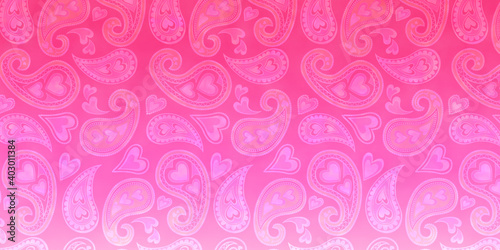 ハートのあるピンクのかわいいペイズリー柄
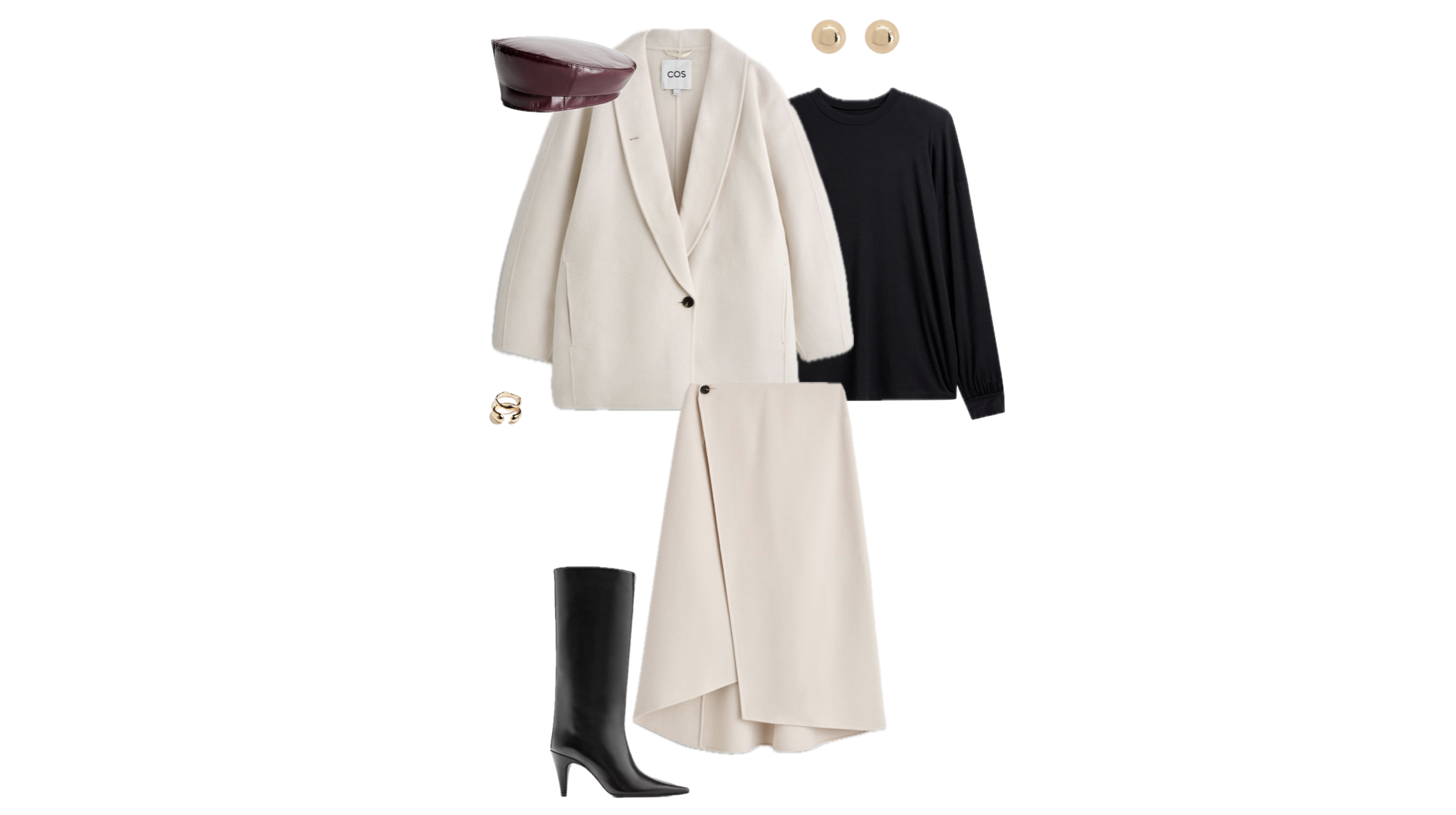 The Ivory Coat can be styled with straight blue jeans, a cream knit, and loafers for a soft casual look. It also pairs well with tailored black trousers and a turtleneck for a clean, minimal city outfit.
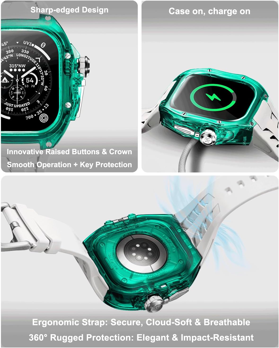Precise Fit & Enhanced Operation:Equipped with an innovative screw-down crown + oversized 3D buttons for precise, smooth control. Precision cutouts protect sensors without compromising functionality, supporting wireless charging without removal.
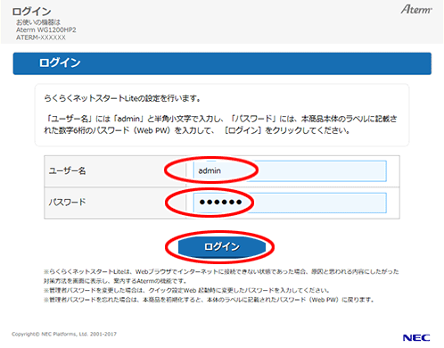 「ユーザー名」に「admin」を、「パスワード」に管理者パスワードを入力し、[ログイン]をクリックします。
########
Your goal —
Reproduce the full listing faithfully, but do not carry over any pictures.

Exercise result —
 ハートのあるピンクのかわいいペイズリー柄
 The Ivory Coat can be styled with straight blue jeans, a cream knit, and loafers for a soft casual look. It also pairs well with tailored black trousers and a turtleneck for a clean, minimal city outfit.
Precise Fit & Enhanced Operation:Equipped with an innovative screw-down crown + oversized 3D buttons for precise, smooth control. Precision cutouts protect sensors without compromising functionality, supporting wireless charging without removal.
 「ユーザー名」に「admin」を、「パスワード」に管理者パスワードを入力し、[ログイン]をクリックします。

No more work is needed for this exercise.